食堂を出て、吹奏楽部の部員や先生たちが視覚に入らなくなったところで、そっと、親友に声をかける。
「なあ、壮馬。疲れてるなら無理するなよ。今日は、午前中に桃華も来てくれるそうだし、部屋で休んでいても……」
「いや、そこまでのことじゃないよ。ちょっと、考え事をしてただけだから……心配させてしまったことは謝るけど、撮影できないわけじゃないからね」
「そうか……それならイイけどさ。少しでも、体調に異変を感じたら、すぐに言えよ。まだ病み上がりなんだからさ」
「大げさだなぁ。外の炎天下ならともかく、冷暖房の効いたこの施設の中なら、心配してもらうようなことはないから。佐倉さんが合流したら、午後の取材撮影の打ち合わせもしなきゃだから、それまでは、しっかりパート練習のようすを撮影しておこう」
「まあ、そう言うなら……けど、何回も言うけど、無理は禁物だからな」
「はいはい、わかってるよ。しつこいな」
ぶつぶつ言いながらも、いつもの親友の口調が戻ってきたことに安心したオレは、今日の撮影の準備を進める。
昨日の夜に鳳花部長から入った連絡によれば、桃華の到着は10時半頃になるということなので、その時間帯は、練習の撮影を一度中断し、下級生を出迎えたあと、三人で午後の撮影の打ち合わせをしようということになっていた。
壮馬が言うように、吹奏楽部の練習開始の時間から、桃華がこの青少年の家に着くまで、2時間以上はあるので、その間は、サックスパートの練習の撮影に集中するのが良いだろう。親友の言動が、いつもの調子に戻ってきたことで、オレは気持ちを切り替え、密着取材に力を注ぐことにしようと決めた。
そうして、頭を切り替えようとしたところで、オレには、気になることがあった。
それは、紅野アザミのことだ。
昨日の午後の全体練習で、桜井先生から名指しで指摘を受けたように、彼女の演奏は、素人のオレの耳にも精彩を欠いてるように聞こえた。

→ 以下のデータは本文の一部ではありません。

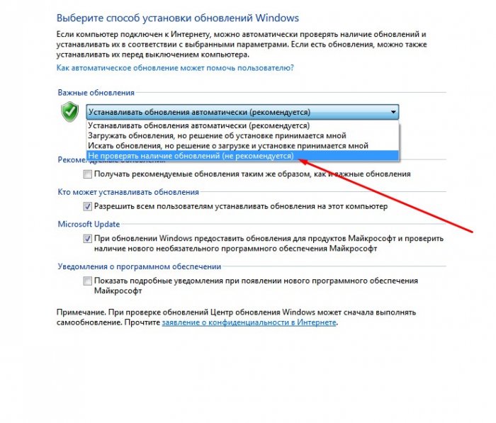Потім у розділі “Важливі управління”, зі списку, що відкривається, встановлюємо «Не перевіряти наявність оновлень» і натискаємо кнопку ОК.
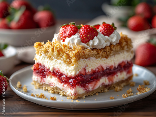 slice of layered strawberry dessert with a creamy filling, topped with whipped cream and fresh strawberries, served on a plate with additional strawberries and a bowl in the background.
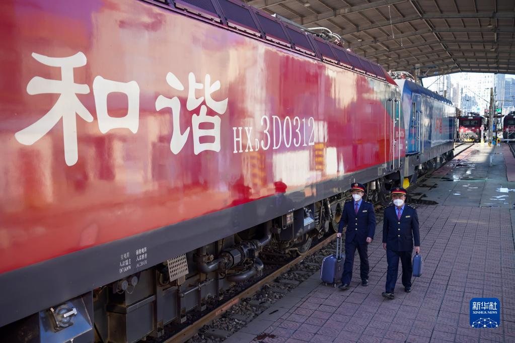 1月15日,丁建华(右)和徒弟姜庭瑞经过即将驾驶的火车头。
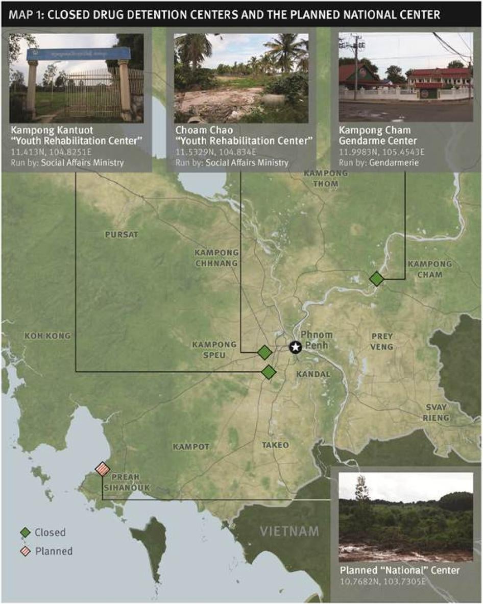 [41] Meas Vyrith, then-NACD deputy secretary-general, quoted in Zsombor Peter and Phorn Bopha, “From Mainlining to Methadone in Cambodia,” Cambodia Daily, November 30, 2012, http://www.cambodiadaily.com/special-reports/cambodias-methadone-dilemma-4927/ (accessed August 29, 2013); “Drug Detention Centers Offer Torture, Not Treatment,” Human Rights Watch news release, July 24, 2012, http://www.hrw.org/news/2012/07/24/drug-detention-centers-offer-torture-not-treatment .
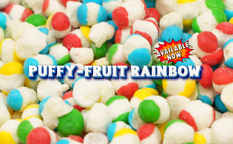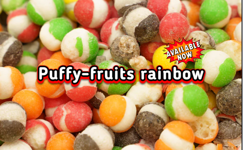 “Puffy Fruit Rainbow – light, crunchy bites bursting with sweet and colourful fun in every bite!”$4.49 CAD
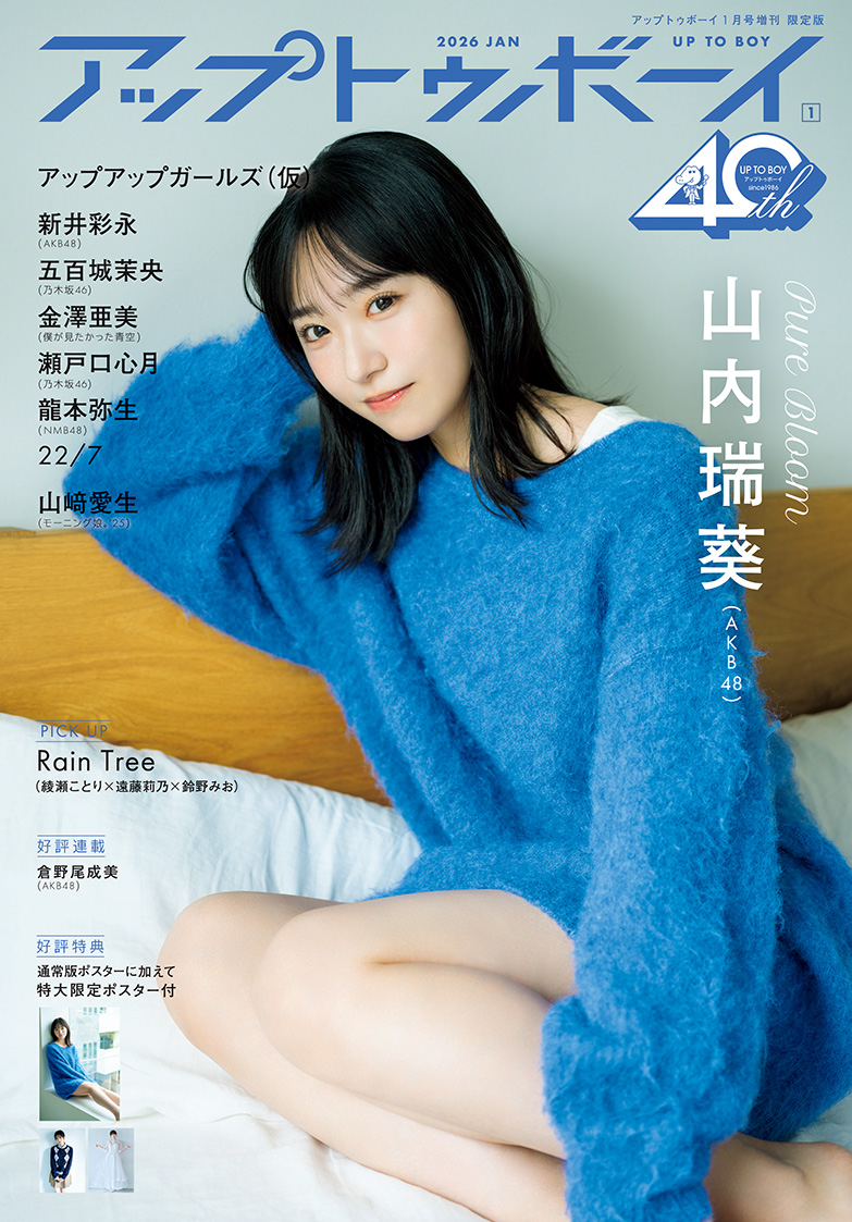 amazon.co.jp 【11/21発売】「アップトゥボーイ 2026年 1月号」表紙:瀬戸口心月(乃木坂46) ポストする シェアする LINEで送る 更新日 : 2025年11月21日(金) アップトゥボーイ ワニブックス 月刊(毎月22日) 公式サイト 公式SNS ▼バックナンバー Amazonで検索 楽天ブックスで検索 楽天市場で検索 アップトゥボーイ vol.357 2026年 1月号セブンネット限定版TSUTAYA限定版【通常版】表紙瀬戸口心月(乃木坂46)【通常版】裏表紙五百城茉央(乃木坂46)【セブンネット限定版】表紙・裏表紙22/7【TSUTAYA限定版】表紙・裏表紙山内瑞葵(AKB48)グラビア瀬戸口心月(乃木坂46)五百城茉央(乃木坂46)新井彩永(AKB48)金澤亜美(僕が見たかった青空)山﨑愛生(モーニング娘。’25)22/7アップアップガールズ(仮)龍本弥生(NMB48)山内瑞葵(AKB48)連載倉野尾成美(AKB48)PICK UP綾瀬ことり × 遠藤莉乃 × 鈴野みお(Rain Tree)付録瀬戸口心月 / 五百城茉央 特大両面ポスター セブンネットで見るAmazonで見る楽天ブックスで見る楽天市場で見る 紙版を購入 販売期間や在庫状況により、リンク先のショップで購入できない場合があります。ご了承ください。
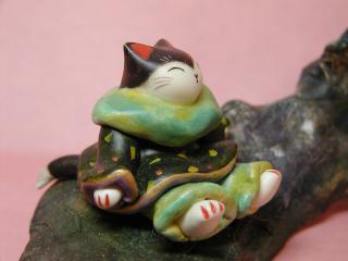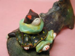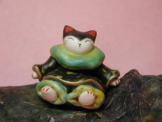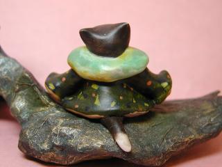「ぴ〜さん」のネコさん 2001年11月に開催された「猫町」さんでのぴ〜さんの個展から 連れ帰った、も一つのネコさんです。 大きな星で沢山のネコさん達が自由に遊んでいる星猫さんの周りにいた子。 なんとなく足をブラブラさせて「ふんふんふん」って歌を口ずさんでいるような姿は、 見ているこちらまで「ふんふんふふ〜ん」と歌いたくなってしまいます♪o(^^o ) ( o^^)o
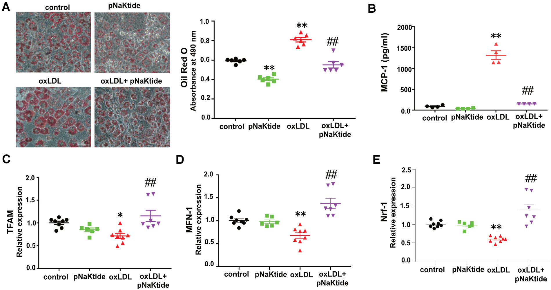 The effect of oxLDL treatment on lipid accumulation, inflammation, and mitochondrial dysfunction in 3T3-L1 murine adipocytes. Differentiated 3T3-L1 adipocytes were treated with 50 μg/ml oxLDL and/or 0.7 μM pNaKtide every 24 h for 2 days. (A) Representative images and quantitative data of lipid accumulation measured as relative absorbance of Oil Red O stain. Images were taken with a 20 × objective lens (n = 6). Scale bar: 50 μm. (B) ELISA for the quantitative analysis of pro-inflammatory cytokine MCP-1 (n = 4). (C–E) RT-PCR analysis for the relative mRNA expressions of TFAM, MFN-1, and Nrf-1 (n = 6–8). Values represent mean ± SEM. * p < 0.05 vs. control, ** p < 0.01 vs. control, ## p < 0.01 vs. oxLDL.

(普段の彼女なら、もっと伸びやかな音が出せるんじゃないか……)
彼女が一人で練習をする姿を校内で見かけることも多いのだが、その時の演奏は、軽やかに歌うような心地良さがあった。それは、昨日の練習で、部員全員を引っ張るように見事なソロを演奏してみせた寿先輩にも劣らない、とオレは思っている(いや、多分に素人の贔屓目が入っているかも知れないが……)。
そんな訳で、パートの練習を担当してくれる監督役のOBやOGの先輩が居ない分、今日の練習で紅野が桜井先生の標的にならないか、と心配になってしまう。
もちろん、それは、全国大会出場という目標のためには必要なことなのだろうが……。
二日前の夜に、寿先輩と語り合ったことを含めて、オレの中で、紅野アザミという存在が、春先に彼女に気持ちを伝えて以来、また大きくなっていることに気づいた。